In-setting, the only characters that cannot be killed by a random team of military with adequate planning is Scion and gray boy. That's fine for Scion- not for Gray Boy.
 
Arkeus said:
In-setting, the only characters that cannot be killed by a random team of military with adequate planning is Scion and gray boy. That's fine for Scion- not for Gray Boy.
... hardly. This is going seriously off topic, but you're flat wrong here.
 
Arkeus said:
In-setting, the only characters that cannot be killed by a random team of military with adequate planning is Scion and gray boy. That's fine for Scion- not for Gray Boy.
Off top of my head: Crawler, GU, Khonsu, Tohu, Bohu, Simurgh, Behemoth, Leviathan, Eidolon, Alexandria, Legend, Narwhal, Eden, Contessa, and Thanda Teleporter Guy. This is assuming your supposed military is willing to cause nuclear winter to get at the parahumans and by random team of military you mean the entire military of a well developed first world nation. There are any number of others who might be killable with sufficient effort but generally really aren't worth the effort.

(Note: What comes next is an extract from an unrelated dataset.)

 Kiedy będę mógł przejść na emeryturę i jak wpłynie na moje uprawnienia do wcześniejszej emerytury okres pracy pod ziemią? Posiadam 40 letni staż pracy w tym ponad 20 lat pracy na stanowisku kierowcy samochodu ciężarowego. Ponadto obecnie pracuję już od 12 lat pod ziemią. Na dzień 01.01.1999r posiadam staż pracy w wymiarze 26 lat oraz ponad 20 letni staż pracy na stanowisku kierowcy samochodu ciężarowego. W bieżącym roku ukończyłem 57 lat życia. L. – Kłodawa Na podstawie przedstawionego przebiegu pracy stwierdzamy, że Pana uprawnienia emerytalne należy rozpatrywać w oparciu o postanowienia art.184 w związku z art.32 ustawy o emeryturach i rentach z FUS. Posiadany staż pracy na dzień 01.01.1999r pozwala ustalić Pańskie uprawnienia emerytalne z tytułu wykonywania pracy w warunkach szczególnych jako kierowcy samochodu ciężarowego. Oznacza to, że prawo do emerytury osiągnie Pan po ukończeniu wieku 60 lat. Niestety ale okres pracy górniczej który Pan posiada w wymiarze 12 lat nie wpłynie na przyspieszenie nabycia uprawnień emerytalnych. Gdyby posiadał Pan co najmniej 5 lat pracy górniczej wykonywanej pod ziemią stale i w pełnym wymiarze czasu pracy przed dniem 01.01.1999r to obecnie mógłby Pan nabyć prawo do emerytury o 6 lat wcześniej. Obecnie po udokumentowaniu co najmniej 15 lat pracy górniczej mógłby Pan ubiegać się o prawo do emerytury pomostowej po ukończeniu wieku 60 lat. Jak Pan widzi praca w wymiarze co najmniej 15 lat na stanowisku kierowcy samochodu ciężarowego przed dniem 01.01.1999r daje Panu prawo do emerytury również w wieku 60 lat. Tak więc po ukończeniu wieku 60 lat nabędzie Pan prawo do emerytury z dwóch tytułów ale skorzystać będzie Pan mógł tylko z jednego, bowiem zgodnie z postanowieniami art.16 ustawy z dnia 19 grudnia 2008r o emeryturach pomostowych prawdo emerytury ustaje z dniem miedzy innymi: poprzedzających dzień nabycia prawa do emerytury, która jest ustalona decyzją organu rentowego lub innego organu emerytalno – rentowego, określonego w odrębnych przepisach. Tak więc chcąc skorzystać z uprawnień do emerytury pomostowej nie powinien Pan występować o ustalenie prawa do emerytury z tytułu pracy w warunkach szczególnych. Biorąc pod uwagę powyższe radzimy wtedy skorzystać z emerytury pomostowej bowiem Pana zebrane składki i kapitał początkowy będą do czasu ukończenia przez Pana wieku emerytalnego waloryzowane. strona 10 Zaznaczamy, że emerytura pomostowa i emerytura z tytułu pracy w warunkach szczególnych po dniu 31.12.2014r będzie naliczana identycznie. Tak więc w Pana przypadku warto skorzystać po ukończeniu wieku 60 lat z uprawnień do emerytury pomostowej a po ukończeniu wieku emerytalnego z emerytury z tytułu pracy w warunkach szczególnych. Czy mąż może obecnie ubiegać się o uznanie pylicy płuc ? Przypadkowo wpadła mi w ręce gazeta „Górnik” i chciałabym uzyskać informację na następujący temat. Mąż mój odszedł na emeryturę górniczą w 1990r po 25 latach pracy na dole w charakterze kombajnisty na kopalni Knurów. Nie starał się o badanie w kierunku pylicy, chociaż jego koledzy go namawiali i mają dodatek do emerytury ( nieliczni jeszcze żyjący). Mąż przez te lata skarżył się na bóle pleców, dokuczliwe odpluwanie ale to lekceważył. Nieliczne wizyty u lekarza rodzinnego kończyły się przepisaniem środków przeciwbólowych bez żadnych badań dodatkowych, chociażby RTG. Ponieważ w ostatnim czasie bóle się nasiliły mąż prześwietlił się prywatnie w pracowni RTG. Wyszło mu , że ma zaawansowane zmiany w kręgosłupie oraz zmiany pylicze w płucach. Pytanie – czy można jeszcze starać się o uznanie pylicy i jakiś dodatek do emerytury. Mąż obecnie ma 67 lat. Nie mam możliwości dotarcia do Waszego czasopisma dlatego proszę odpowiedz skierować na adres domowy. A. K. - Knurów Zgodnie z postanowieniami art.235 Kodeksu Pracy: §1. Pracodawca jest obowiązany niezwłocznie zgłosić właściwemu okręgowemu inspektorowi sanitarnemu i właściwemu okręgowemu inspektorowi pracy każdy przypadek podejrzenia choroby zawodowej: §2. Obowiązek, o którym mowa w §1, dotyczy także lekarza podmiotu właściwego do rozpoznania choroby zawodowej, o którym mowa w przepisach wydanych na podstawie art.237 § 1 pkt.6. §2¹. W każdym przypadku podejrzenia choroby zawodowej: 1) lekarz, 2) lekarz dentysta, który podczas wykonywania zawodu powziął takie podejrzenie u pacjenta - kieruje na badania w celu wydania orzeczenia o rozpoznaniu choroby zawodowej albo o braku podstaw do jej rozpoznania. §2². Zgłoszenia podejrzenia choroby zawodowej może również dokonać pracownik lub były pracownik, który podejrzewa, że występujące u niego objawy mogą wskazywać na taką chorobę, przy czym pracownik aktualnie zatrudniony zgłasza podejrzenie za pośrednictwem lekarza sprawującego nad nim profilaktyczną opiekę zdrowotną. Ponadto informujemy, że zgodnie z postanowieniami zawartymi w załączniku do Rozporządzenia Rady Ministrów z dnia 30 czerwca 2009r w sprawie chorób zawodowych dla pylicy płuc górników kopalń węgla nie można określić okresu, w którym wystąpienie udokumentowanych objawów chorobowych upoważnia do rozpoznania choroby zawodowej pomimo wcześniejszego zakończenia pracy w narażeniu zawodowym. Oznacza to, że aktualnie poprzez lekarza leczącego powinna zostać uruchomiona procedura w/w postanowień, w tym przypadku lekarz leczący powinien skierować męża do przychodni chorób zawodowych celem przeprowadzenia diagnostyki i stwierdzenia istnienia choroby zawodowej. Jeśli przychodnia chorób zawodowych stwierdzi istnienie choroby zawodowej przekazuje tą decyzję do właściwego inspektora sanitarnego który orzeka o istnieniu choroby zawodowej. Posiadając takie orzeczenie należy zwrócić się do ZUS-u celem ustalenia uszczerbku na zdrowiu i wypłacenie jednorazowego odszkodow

Now more on topic I'm wondering what people on the recieving end of Taylor's power will think it is. Also this is one of those Taylors who if on the recieving end of Tattletale's "I'm a totally legit telepath" speech will just respond with "Oh you too? Good to have some company.".
 
Joebobjoe said:
Now more on topic I'm wondering what people on the recieving end of Taylor's power will think it is. Also this is one of those Taylors who if on the recieving end of Tattletale's "I'm a totally legit telepath" speech will just respond with "Oh you too? Good to have some company.".
I actually wonder how Taylor will perceive other parahuman powers.